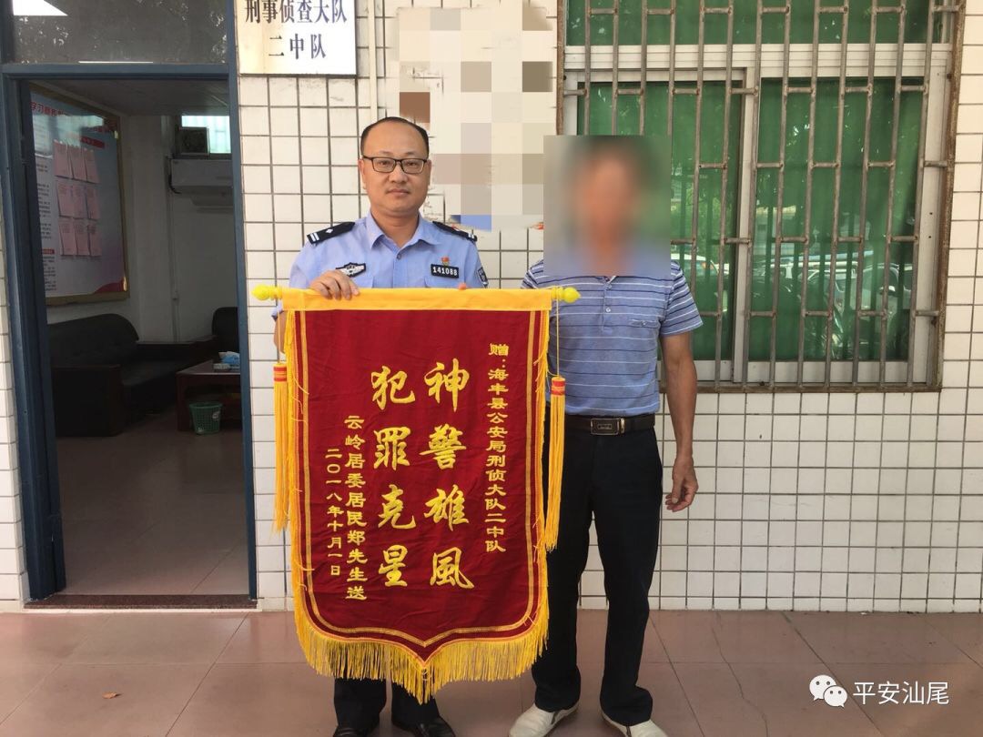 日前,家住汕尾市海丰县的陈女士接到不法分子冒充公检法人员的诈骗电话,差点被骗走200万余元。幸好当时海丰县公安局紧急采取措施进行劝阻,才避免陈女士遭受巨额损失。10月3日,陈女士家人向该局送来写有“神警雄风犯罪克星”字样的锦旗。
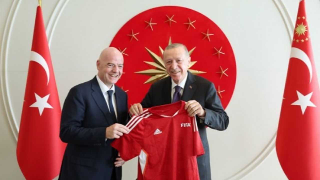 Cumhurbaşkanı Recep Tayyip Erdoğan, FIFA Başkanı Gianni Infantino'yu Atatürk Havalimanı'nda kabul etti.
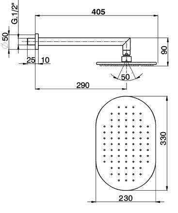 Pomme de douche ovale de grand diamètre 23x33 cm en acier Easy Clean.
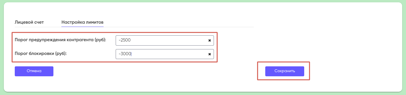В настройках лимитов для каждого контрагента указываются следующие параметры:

--------------------------------------------------

An exact, word-for-word version of the material is required, free of pictures.

■ **Solution below**:
 日前,家住汕尾市海丰县的陈女士接到不法分子冒充公检法人员的诈骗电话,差点被骗走200万余元。幸好当时海丰县公安局紧急采取措施进行劝阻,才避免陈女士遭受巨额损失。10月3日,陈女士家人向该局送来写有“神警雄风犯罪克星”字样的锦旗。
 Cumhurbaşkanı Recep Tayyip Erdoğan, FIFA Başkanı Gianni Infantino'yu Atatürk Havalimanı'nda kabul etti.
 Pomme de douche ovale de grand diamètre 23x33 cm en acier Easy Clean.
В настройках лимитов для каждого контрагента указываются следующие параметры:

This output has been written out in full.